Monday, Aug. 15, 1994
Die Wagneren: A True-Life Opera
By Martha Duffy
Bayreuth has always been run by a Wagner, and now it is Richard's grandson Wolfgang, 75, who is in charge. As skilled a manager as his forebear, possessing just as combative and strife-prone a temperament, Wolfgang is the most visible person at the festival. He also conducts one of the behind-the- scenes highlights at Bayreuth, the press conference that follows a new production. This year he outdid himself in grouchy garrulity. Ignoring the journalists' humble need to get quotes from all major participants, he grabbed the mike and answered questions addressed to Rosalie or Alfred Kirchner.
Wolfgang has even more to say in Acts, his new autobiography. Mostly the book is an exercise in self-justification and a series of mud pies flung at his family. The Wagners are a contentious lot. At various times Wolfgang's son, daughter and a nephew have laid claim to his throne. He in turn insists that no blood relative is competent to rule.
The deep shadow over Wolfgang's life remains his brother Wieland, a director of rare theatrical imagination who revolutionized the staging of Wagner -- and all other opera -- by doing away with conventional sets. Wieland died in 1966, leaving Wolfgang in command of the festival. He too has had a busy career directing, but his work tends to be fussy and literal, and he is not taken seriously. The rumor is that Wolfgang started his memoir when he heard he had a rival, American author Frederic Spotts, whose Bayreuth (Yale University; $35) appeared in late June. Once again Wolfgang has been badly bested.

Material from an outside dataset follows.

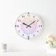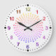 Galaxy of rainbow colored stars that spirals around a clear center point. Small stars in center to larger stars at outer edge. Rainbow colored numerals with black drop shadow. Minute marks at edge, 12, 3, 6, and 9 have large black dots .
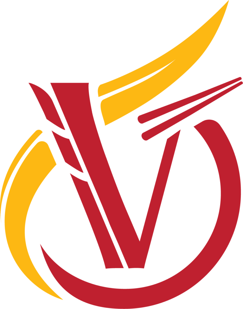 – Biểu tượng: Sự kết hợp giữa chữ “V” (Việt Nam), đôi đũa, bát cơm và dải lụa vàng, tượng trưng cho nền văn hóa ẩm thực đặc sắc, đồng thời thể hiện khát vọng vươn tầm quốc tế.

Spotts' great strength is the balance he maintains in his well-organized narrative. Music history, cultural comment and such issues as the family's embrace of Nazism are all deftly combined. Spotts told TIME he was so determined to maintain the right proportions that he omitted his biggest scoop: that Hitler sexually abused the young Wieland during the '20s. If he had gone into that scandal, Spotts says, "it would be all anybody wrote about."
The book gives a detailed account of the family's anti-Semitism and its attachment to Hitler. Even after the war, Wolfgang's mother Winifred said she longed to see the Fuhrer come through the door again. To his credit, Wolfgang ! has banished any trace of anti-Jewish bias from the festival.
The great subject of Bayreuth gossip now is, Who will replace Wolfgang? For the time being, no one; he shows that he is still more than capable of running a one-man show. He says the next boss may not be a Wagner at all, but he will probably choose his second wife, Gudrun, 50, formerly a festival secretary. That solution would follow tradition. When the composer died, his wife Cosima succeeded him for 23 years, then handed control to her son Siegfried. After he died in 1930, his widow Winifred continued in his place until after the war, when, publicly disgraced for her idolatry of the Nazis, she relinquished the festival in favor of Wieland and Wolfgang. Will there be a fight over Gudrun? As surely as the Rhinegold is cursed.